SOUTHERN DISTRICT OF NEW YORK PUTS FROZEN CLAIMS ON ICE

The Southern District of New York, in Jones, et al. v. Party City Holdco Inc., et al., dismissed a putative class action brought by stockholders of Party City Holdco Inc., who alleged that Party City failed to disclose prior to its April 2015 initial public offering how important sales of merchandise related to Disney’s movie Frozen had been to the company’s 2014 sales figures. Plaintiffs contended, for example, that Party City’s statement in offering documents that none of its third-party licenses was “individually material to [its] aggregate behavior” was false because “Frozen’s impact was so material to Party City’s business in the second half of 2014 that it could not be offset by Party City’s other licenses in the second half of 2015.” Judge Lewis Kaplan rejected this argument, holding that plaintiffs failed to adequately plead that any alleged misstatement was actually false—in other words, “that Frozen in fact was material” to Party City’s “aggregate business.” The court noted that “just because the [c]ompany described Frozen’s performance as ‘extraordinary,’ ‘anomalous,’ or ‘phenomen[al]’ does not mean that it had a material impact on the [c]ompany’s aggregate business.” Instead, plaintiffs relied only on “a handful of buzz words and a single financial metric, brand comp sales.” The court concluded that plaintiffs offered “no facts from which the [c]ourt could plausibly infer that Frozen sales were material to Party City’s business as a whole”; thus, plaintiffs failed to allege that Party City made any material misstatements in advance of the company’s 2015 IPO.

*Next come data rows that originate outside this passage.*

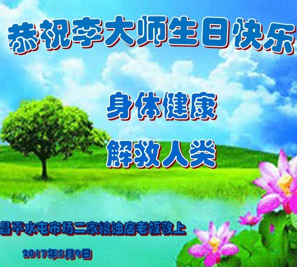 北京昌平水屯市场二家粮油店老板恭祝李大师生日快乐!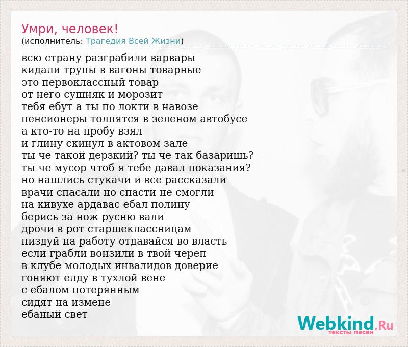 А как ты думаешь, о чем песня "Умри, человек!" ?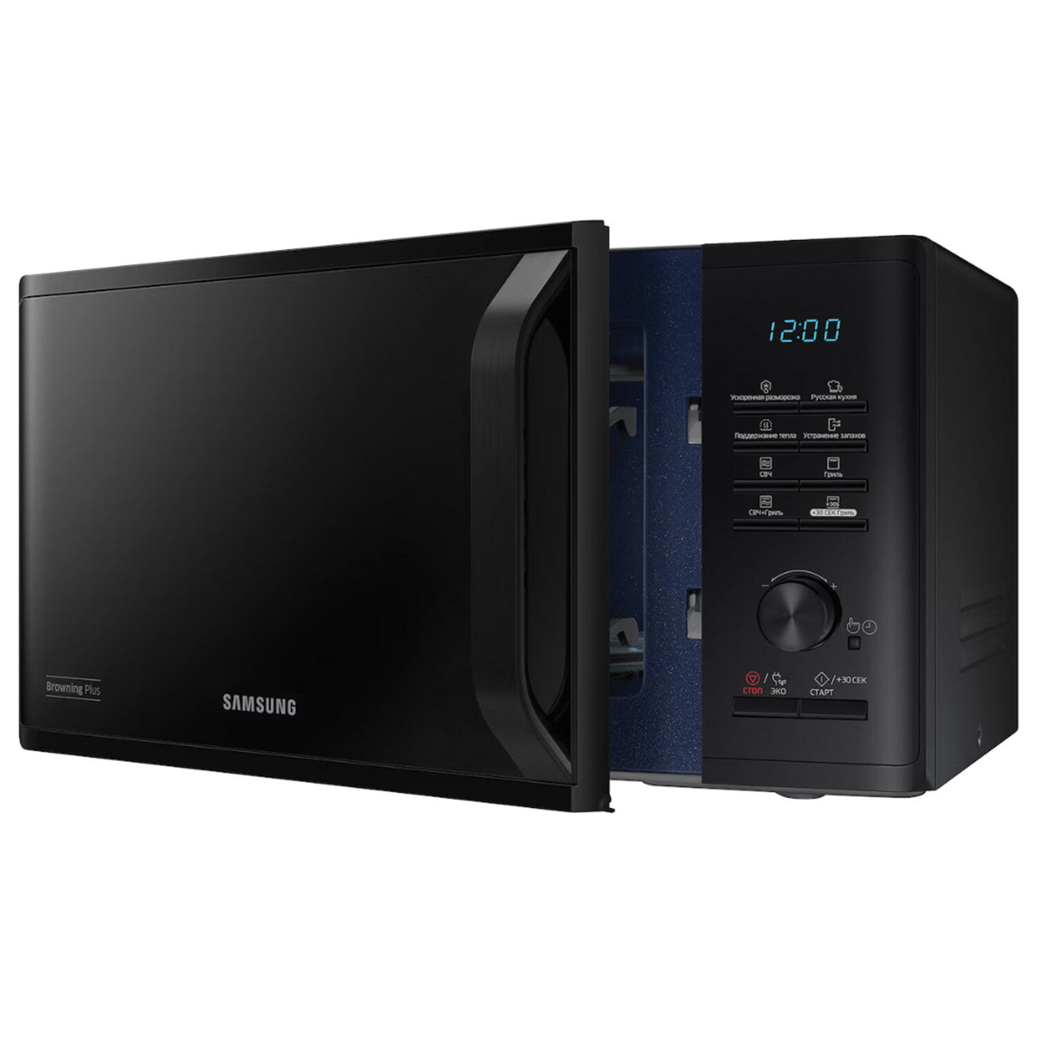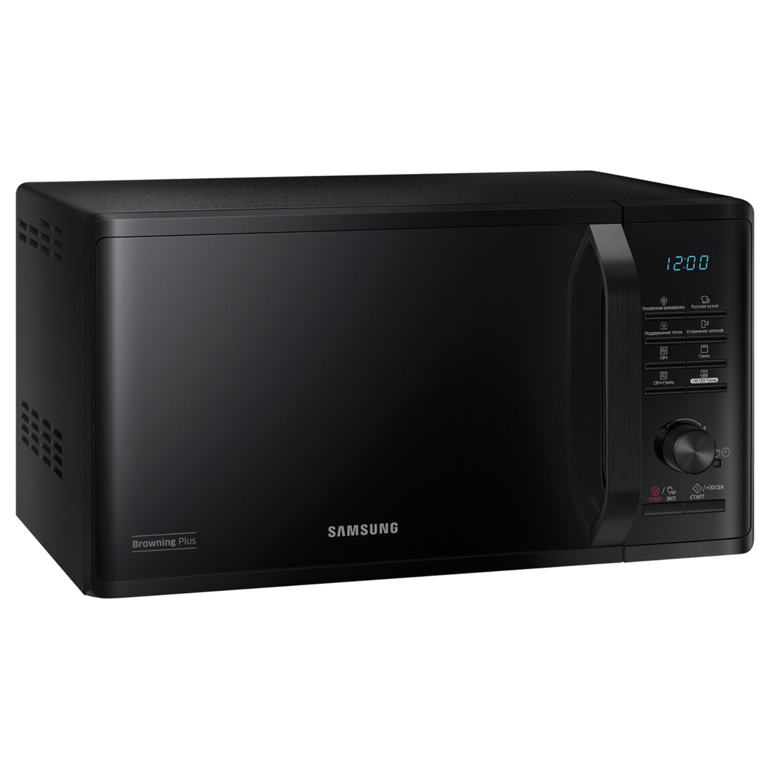 Микроволновая печь SAMSUNG MG23K3515AK/BW, объем 23 л, мощность 800 Вт, электронное управление, черная Код товара: 457186 16 065 ₽ Купить Производитель:SAMSUNG Микроволновая печь SAMSUNG MG23K3515AK/BW – сочетание функциональности и современного дизайна. Данная модель подойдет к любому интерьеру, а привычное и понятное электронное управление не покажется сложным в обращении. Микроволновая печь Samsung MG23K3515AK – современное многофункциональное устройство с предустановленными автоматическими программами приготовления и размораживания, которые помогут сэкономить время и силы. Гриль даст возможность получить хрустящую румяную корочку. Для ускорения процесса его можно комбинировать с микроволнами. Функция "Поддержание тепла" сохранит блюдо горячим. Режим "Удаление запахов" поможет освежить камеру, что особенно актуально после приготовления сильно пахнущих продуктов. Внутреннее покрытие печи выполнено из биокерамики, это прочный и гигиеничный материал, устойчивый к царапинам и другим механическим повреждениям. Его легко поддерживать в чистоте даже без использования особо сильных моющих средств. Производитель оставляет за собой право без предварительного уведомления вносить изменения в технические характеристики, комплектацию и конструкцию, не ухудшающие эксплуатационные характеристики изделия.Производство: ВьетнамОбъем: 23 лМощность микроволн: 800 ВтУправление: электронноеВнутреннее покрытие: керамическая эмальФункционал: автоматическая разморозка, автоматический разогрев, автоматическое поддержание температуры, гриль, устранение запаховДисплей: даТаймер: 99 мин.Блокировка от детей: даВнутреннее освещение: даВстроенные часы: даНаличие звукового сигнала: даНаличие поворотного стола: даКоличество автоматических программ: 6 шт.Диаметр поддона: 28.8 смОткрывание дверцы: ручкаСерия: MG23K3515AKДизайн: MG23K3515AK/BWЦвет корпуса: черныйШирина: 48.9 смВысота: 27.5 смГлубина: 39.3 смВес (без упаковки): 13 кгВес: 15 кгРазмер упаковки: 33 × 42 × 56 смОбъём: 0.0776 м3Промежуточная упаковка: 1 штТранспортная упаковка: 1 штШтрих-код: 8806088566900 Приложение-1.pdf Сертификат-1.jpg Сертификат-2.jpg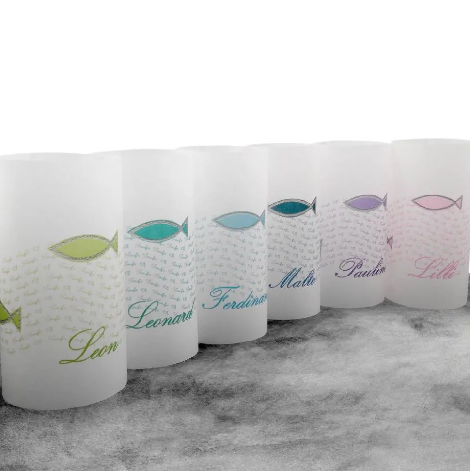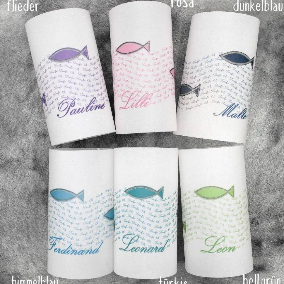 Die Lichthülle zur Taufe mit bunte Fischen ist aus Transparentpapier gefertigt und zum einfachen Zusammenkleben vorbereitet. Die bunten Fische sind direkt aufgedruckt.

NEW JERSEY FEDERAL COURT REFUSES TO RETROACTIVELY APPLY DODD-FRANK ACT’S STATUTE OF LIMITATIONS

The District of New Jersey, in United States v. Gentile, dismissed a criminal securities fraud indictment against Guy Gentile, the owner of a New York broker-dealer accused of orchestrating a $17.2 million “pump and dump” scheme to illegally inflate the value of certain microcap stocks, holding that a five-year statute of limitations to charge Gentile had already expired when he was indicted in March 2016. Gentile had been charged with obtaining control over large blocks of the free trading shares of two companies, Raven Gold Corp. and Kentucky USA Energy Inc., then working with stock promoters in 2007 and 2008 to inflate the prices of those shares through manipulative trading and misleading promotional materials. Gentile argued that his case was covered by the five-year statute of limitations in effect at the time of the alleged misconduct—which meant that the latest date he could have been charged (accounting for tolling waivers he had executed) was June 30, 2015. Prosecutors countered that the 2010 Dodd-Frank Act created a six-year statute of limitations that extended their deadline for filing an indictment until June 2016. Judge Jose Linares, however, rejected the government’s bid to retroactively apply Dodd-Frank, observing that the relevant statutory provision “contains no discussion nor mention of retroactivity, let alone clear intent that Congress intended that section to apply to crimes committed prior to its enactment.” The court concluded that the applicable statute of limitations was five years and dismissed the indictment on the grounds that it was indeed untimely.